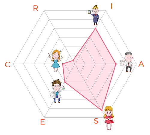 'S' baví pomáhat lidem při řešení jejich osobních nebo zdravotních problémů, při jejich vzdělávání, při péči o malé děti i dospělé osoby. Je ochoten/ochotna se angažovat v různých oblastech péče a služeb, které jsou zaměřeny na sociální problémy a společenské otázky.
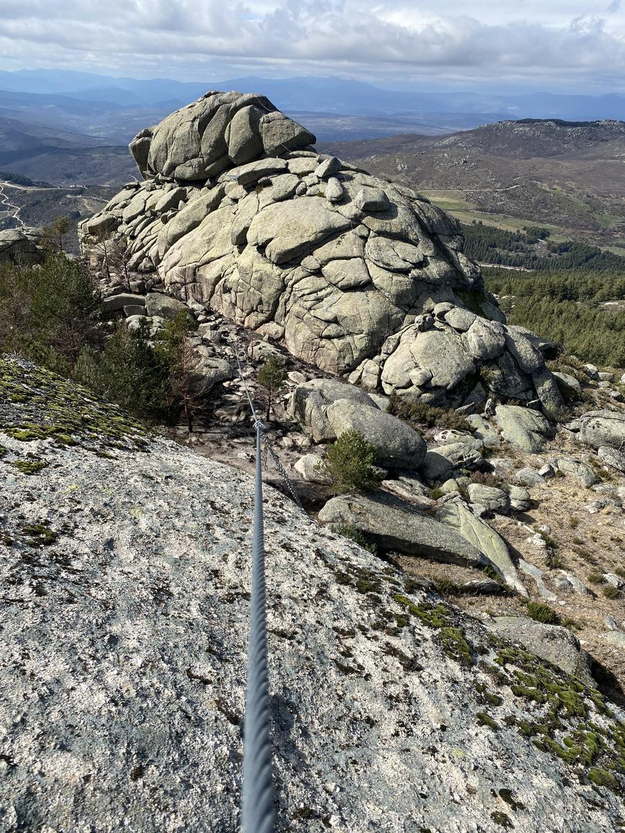 El lugar es conocido exactamente como el Cancho de La Muela, que hace alusión a una piedra muy grande. En este caso son dos grandes bloques que distan entre sí 50 metros, unidos por una tirolina que solo debe ser utilizada por gente con experiencia. Solo ver la verticalidad del cable en cuestión, impone. Recomiendo aprovechar los distintos huecos que hay en el granito a modo de sillones para recostarse y disfrutar del paisaje. Aunque pueda parecer lo contrario, son muy cómodos.
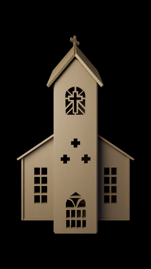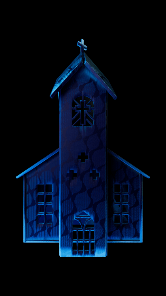 Ich entwickelte ein einfaches Testkonzept, bei dem die Kirchenminiatur in Cinema 4D mit unterschiedlichen “Mood-skins” versehen wurde – eine Mischung aus prozeduralen Shadern und Material-Texturen, die verschiedene ästhetische Richtungen repräsentieren. Diese Kategorien reichten von:

Exercise prompt —
Please copy the data above word for word, but only from the line that contains "El lugar es" through the final line, both included, and without the pictures.

Task answer —
 El lugar es conocido exactamente como el Cancho de La Muela, que hace alusión a una piedra muy grande. En este caso son dos grandes bloques que distan entre sí 50 metros, unidos por una tirolina que solo debe ser utilizada por gente con experiencia. Solo ver la verticalidad del cable en cuestión, impone. Recomiendo aprovechar los distintos huecos que hay en el granito a modo de sillones para recostarse y disfrutar del paisaje. Aunque pueda parecer lo contrario, son muy cómodos.
 Ich entwickelte ein einfaches Testkonzept, bei dem die Kirchenminiatur in Cinema 4D mit unterschiedlichen “Mood-skins” versehen wurde – eine Mischung aus prozeduralen Shadern und Material-Texturen, die verschiedene ästhetische Richtungen repräsentieren. Diese Kategorien reichten von:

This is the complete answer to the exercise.